[[ Data below, beginning ]]
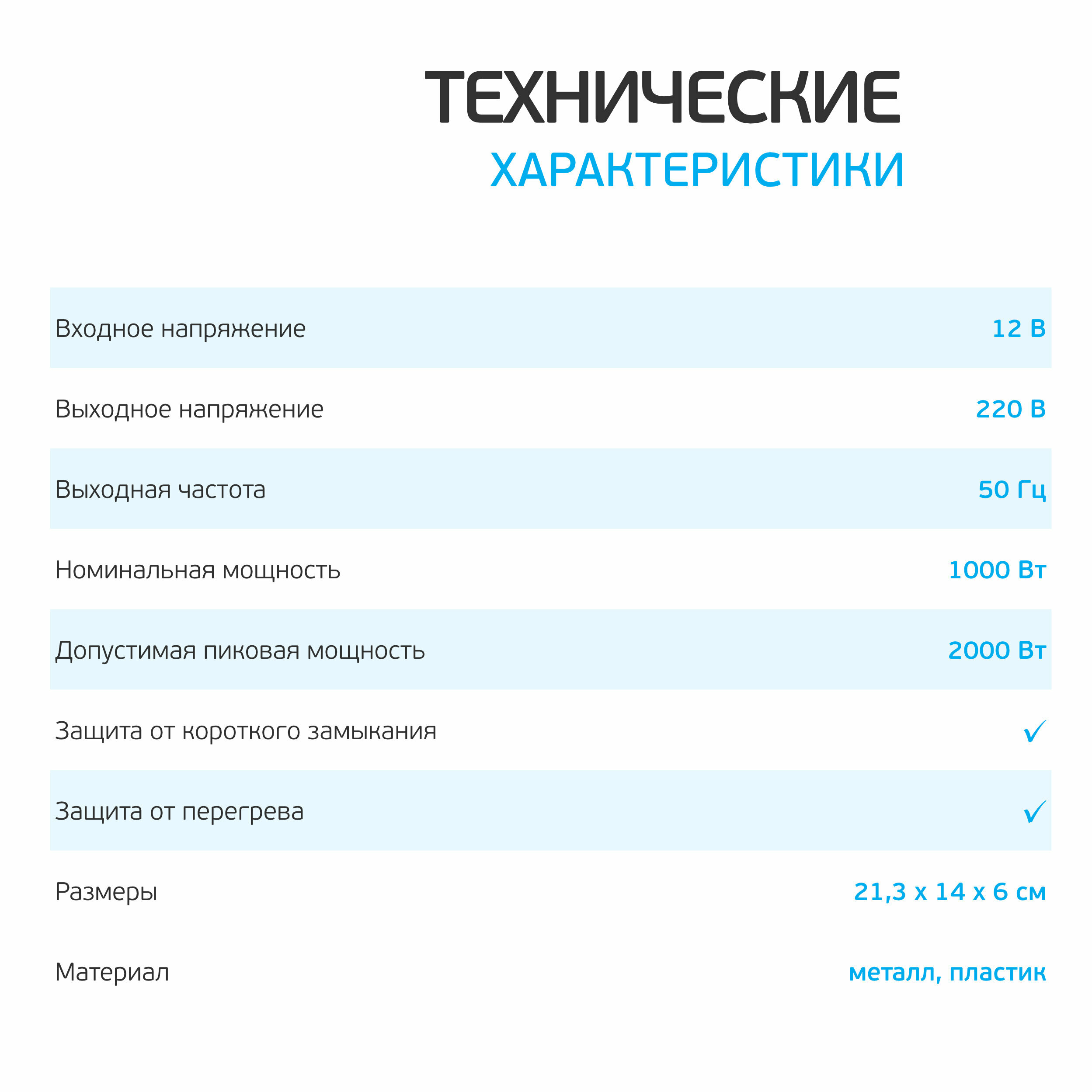 Преобразователь напряжения AVS (Инвертор) 12 - 220 В 1000 Вт информация:
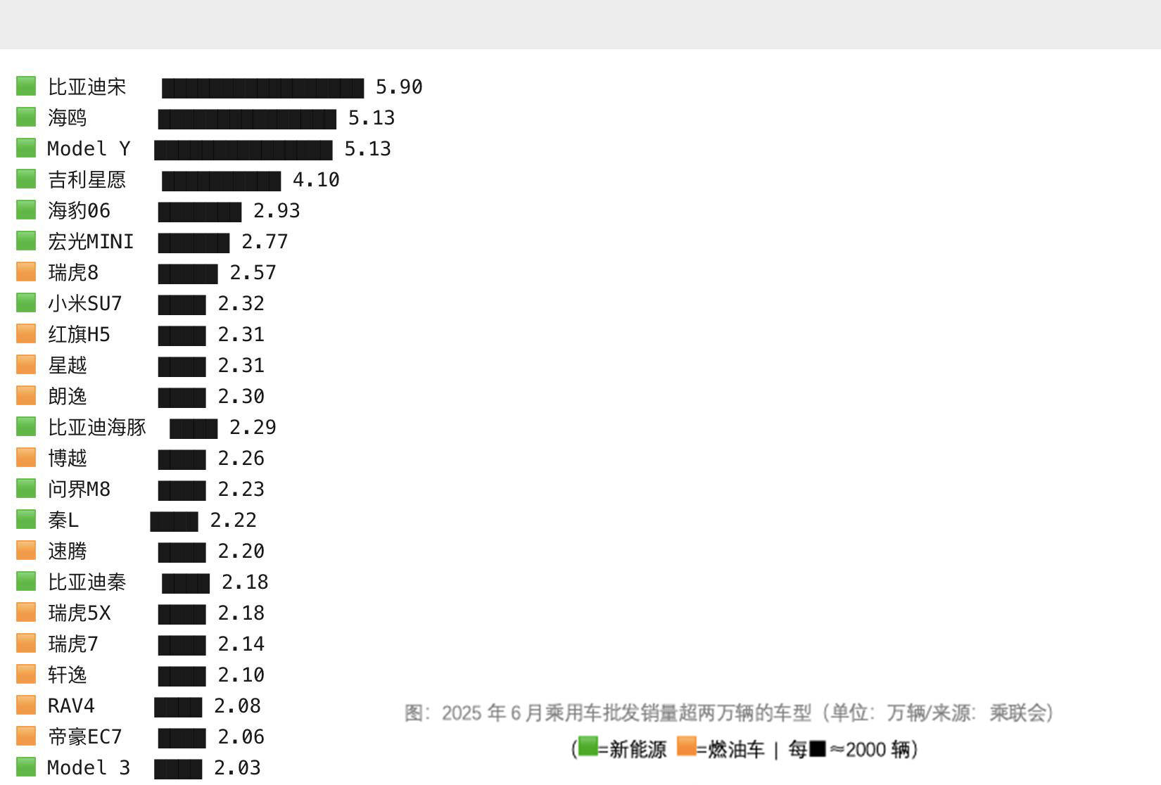 但到了2025年6月,這一數字擴大至23款,新能源依舊強勢,但、、瑞虎7、星越、速騰等一眾燃油老將重新出現在前列。
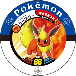 Flareon (Japanese: ブースター Booster) is a Pokémon Battrio puck. It is part of the Decisive Battle! Kyogre and Groudon expansion.
[[ Data below, end ]]
- [Exercise aim]:
Please give the material above again in full, with no pictures in your version.

- [Response for this exercise]:
 Преобразователь напряжения AVS (Инвертор) 12 - 220 В 1000 Вт информация:
 但到了2025年6月,這一數字擴大至23款,新能源依舊強勢,但、、瑞虎7、星越、速騰等一眾燃油老將重新出現在前列。
 Flareon (Japanese: ブースター Booster) is a Pokémon Battrio puck. It is part of the Decisive Battle! Kyogre and Groudon expansion.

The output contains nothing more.